Page 26 of Pulse

“Come on,” she whispered. A few more miles and they’d hit a small town. She’d pull into the first open business she could find. Maybe a well-lit gas station or convenience store. Anything that contained another human being she could use as a witness.

A screech of metal on metal assaulted her ears at the same time her car lurched forward. Talia shrieked and stared in the mirror, mouth agape. He’d hit her.

“Oh my God.” A loud sob flew from deep in her gut. She blinked to clear her vision as tears flooded her eyes. She pressed hard with her foot until the gas pedal hit the floor. “Go faster!” she shouted at the car as though it would do a damn thing.

When the car bumped her again, she flew forward with a shout. The seat belt stopped her from smacking the steering wheel as it locked in place with a painful snap across her chest.

The next hit came so fast and violently that her hands slipped off the steering wheel. The seat belt cracked across her chest with another agonizing jolt. Her neck snapped back then forward, rattling her brain, and her hair fell into her field of vision.

She screamed as the loud screech of crushing metal reverberated into the night. She felt like a ragdoll being tossed around by a careless child.

Something hit her cheek with a biting sting. She tried to grab it, but the momentum of the crashing car kept her from reaching for her face.

The last thing Talia saw before the world went black was the steering wheel rushing toward her face, followed by a massive cloud of white before impact.

At least my airbags work.

CHAPTER SEVEN

“HEY, GABE, ROOM twelve is asking for pain medication.”

He glanced at his smart watch before looking at the nursing assistant assigned to his room. “Thanks, Sharon. He’s due for some. I’ll grab it now.”

When he left the DEA, he started using his middle name, Gabriel, as his first name. No one called him Max anymore. At work, they called him Gabe, but everyone else called him Pulse, the nickname given to him by the club due to his profession. Hearing the cops call him Max the other night had fucked with his head.

He logged off the computer where he’d taken a minute to catch up on some of his charting. It’d been a busy shift so far. This was the first time he’d sat down in the past four hours, and it had lasted a whopping six minutes.

After taking care of the pain medication request, he started an IV in room eleven and answered a call from surgery, who had a room prepared for the patient in ER room ten. They were sending transport down to have the patient wheeled up for an emergency appendectomy.

Never a dull moment in the emergency room.

As he attached room ten’s IV pole to the transport gurney, the pager clipped to his name badge beeped.

“Trauma coming in?” Sharon asked.

He nodded as he read from the pager. “MVA with one victim.

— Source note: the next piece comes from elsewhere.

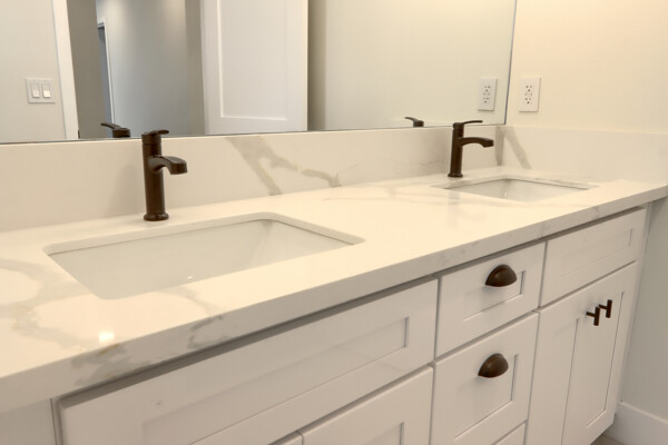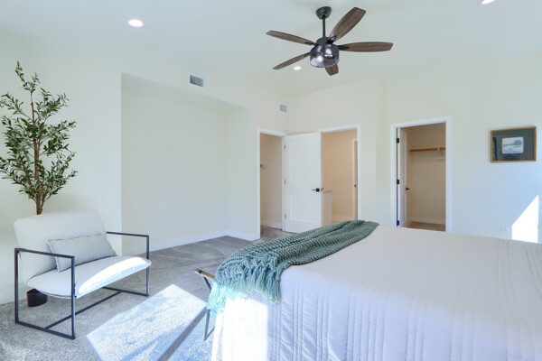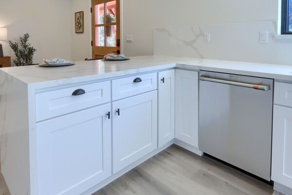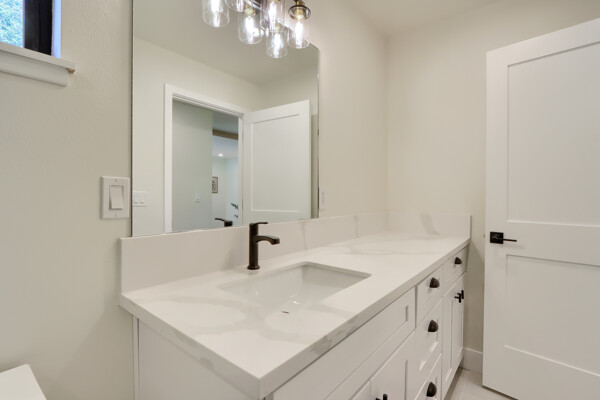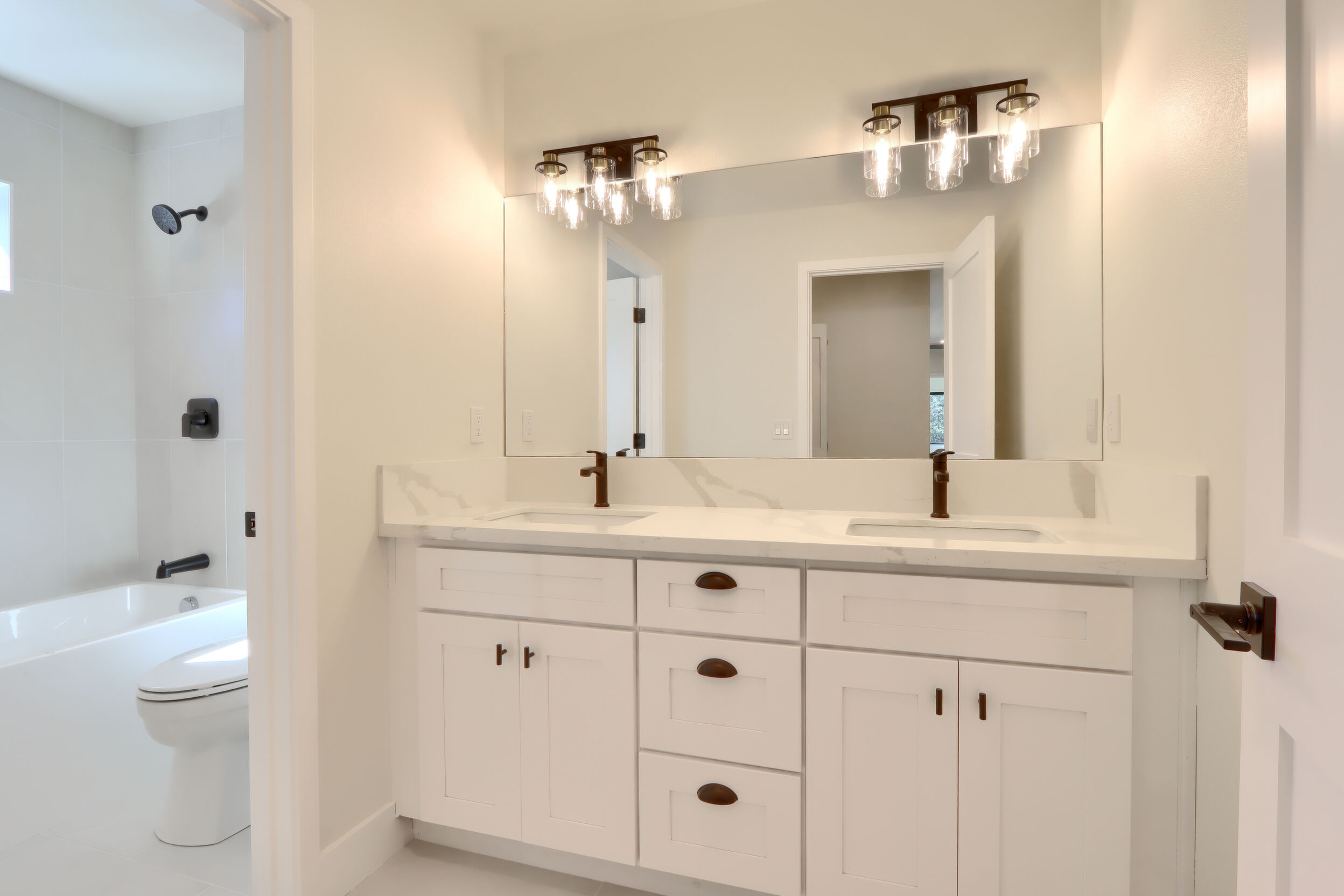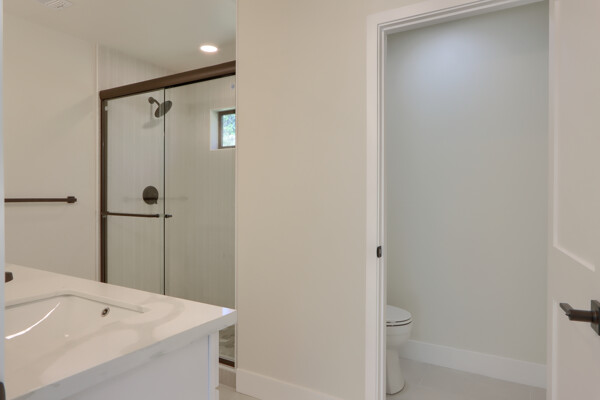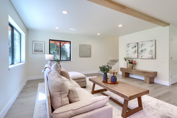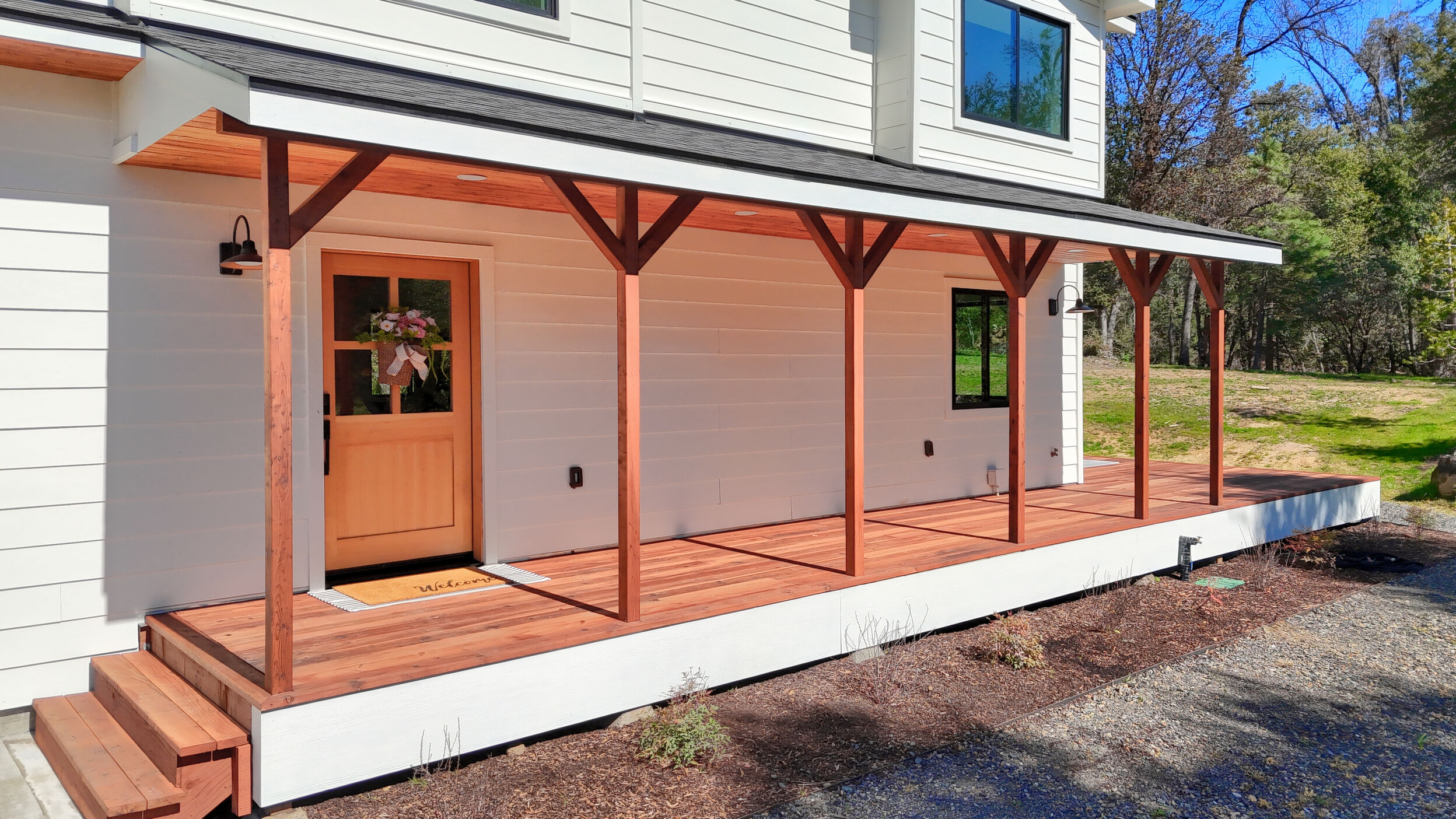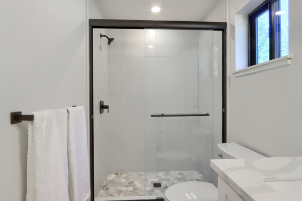 High-end finishes and craftsmanship shine throughout, including striking 42-inch wide solid walnut exterior doors, dual-pane high-end vinyl black-framed windows, durable concrete siding, beautiful redwood decking, premium flooring throughout, custom cabinetry, and quartz countertops across the home. All bathrooms feature beautiful tile surrounds, and ample lighting has been thoughtfully incorporated with recessed can lighting and fan/light combinations.
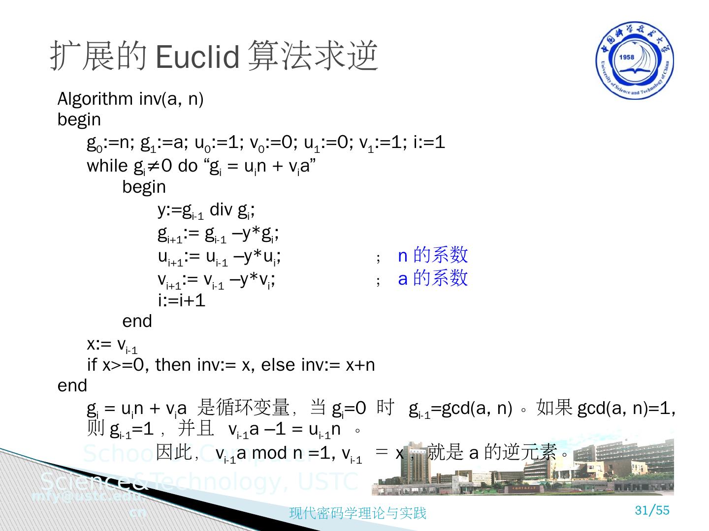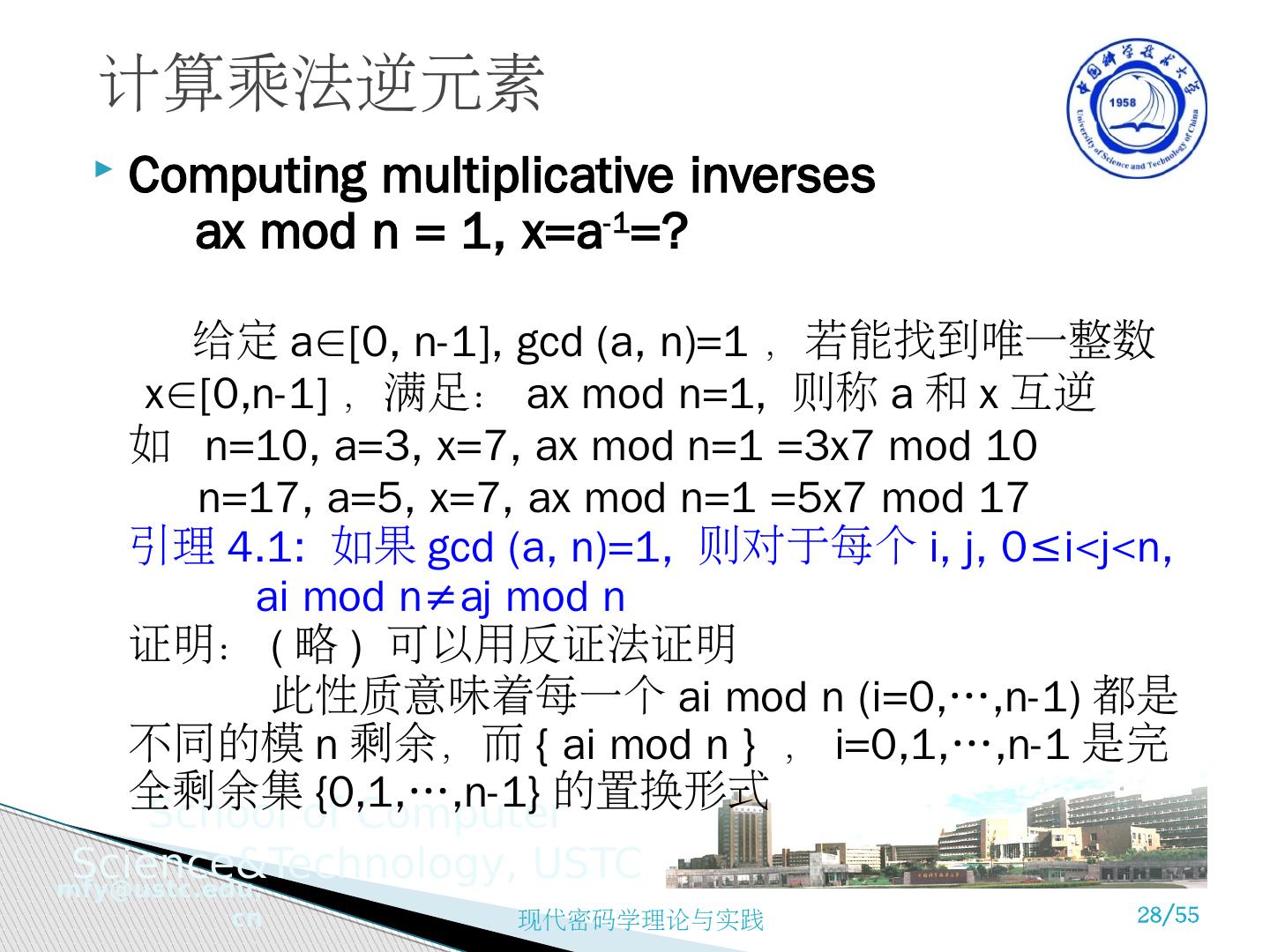 28 .Computing multiplicative inverses ax mod n = 1, x=a -1 =? 给定 a∈[0, n-1], gcd (a, n)=1 ,若能找到唯一整数 x∈[0,n-1] ,满足: ax mod n=1, 则称 a 和 x 互逆 如 n=10, a=3, x=7, ax mod n=1 =3x7 mod 10 n=17, a=5, x=7, ax mod n=1 =5x7 mod 17 引理 4.1: 如果 gcd (a, n)=1, 则对于每个 i , j, 0≤i<j<n, ai mod n≠aj mod n 证明: ( 略 ) 可以用反证法证明 此性质意味着每一个 ai mod n ( i =0,…,n-1) 都是不同的模 n 剩余,而 { ai mod n } , i =0,1,…,n-1 是完全剩余集 {0,1,…,n-1} 的置换形式 计算乘法逆元素

You’ll let Amy know?”

“Of course.”

“Thanks,” he called as he jogged toward the ambulance bay. As the primary nurse on trauma call for this shit, he was expected to respond to every incoming trauma. That meant he had fewer ER patients to care for during his shift so that others could cover for him during traumas, but it still made for a hectic, sometimes highly chaotic shift.

He fucking loved it.

The adrenaline rush, the life-or-death spur-of-the-moment decision-making. Pulse thrived on his work. Long before he’d gone the federal agent route, he’d wanted to be a trauma surgeon. Unfortunately, he’d let other’s opinions sway him, and by the time he’d come to his senses and left the DEA, he felt he was too old to take on the time commitment and debt of becoming a surgeon. Critical care nursing was the next best bet, and he loved every second of his job.

The rest of the trauma team had assembled at the ambulance bay by the time the ambulance rolled in. Connor and Leslie, a paramedic team he knew well by now, lowered a gurney from the back of their rig and jogged toward the waiting team.

“What do we have?” Pulse asked as they reached him.

“Thirty-two-year-old female involved in a single car MVA, though she claims she was hit and the driver of the other car took off. Unconscious at the scene but has since come around. She’s alert and oriented times four. No agitation. Positive for headache and nausea. No vomiting. Significant bruising on the sternum from the seat belt. She has about a three-inch laceration on her forehead. Bleeding is under control. She said no allergies or major medical conditions.”

“Thanks, Connor.”

The woman on the gurney had her head secured to a backboard as per spinal injury protocol. Once they were confident she didn’t have spinal involvement, that could beremoved. The paramedics taped a bulky wad of gauze to her forehead to help control the bleeding and keep the wound clean.

Pulse moved to the head of the gurney to talk to the patient and get some more information while they wheeled her toward a trauma room for evaluation. “Hey there, ma’am. I’m Gabe, one of the nurses here at the hospital. We’re going to take good care of you, okay? Can you tell me your name?”

He glanced down for the first time and almost swallowed his tongue.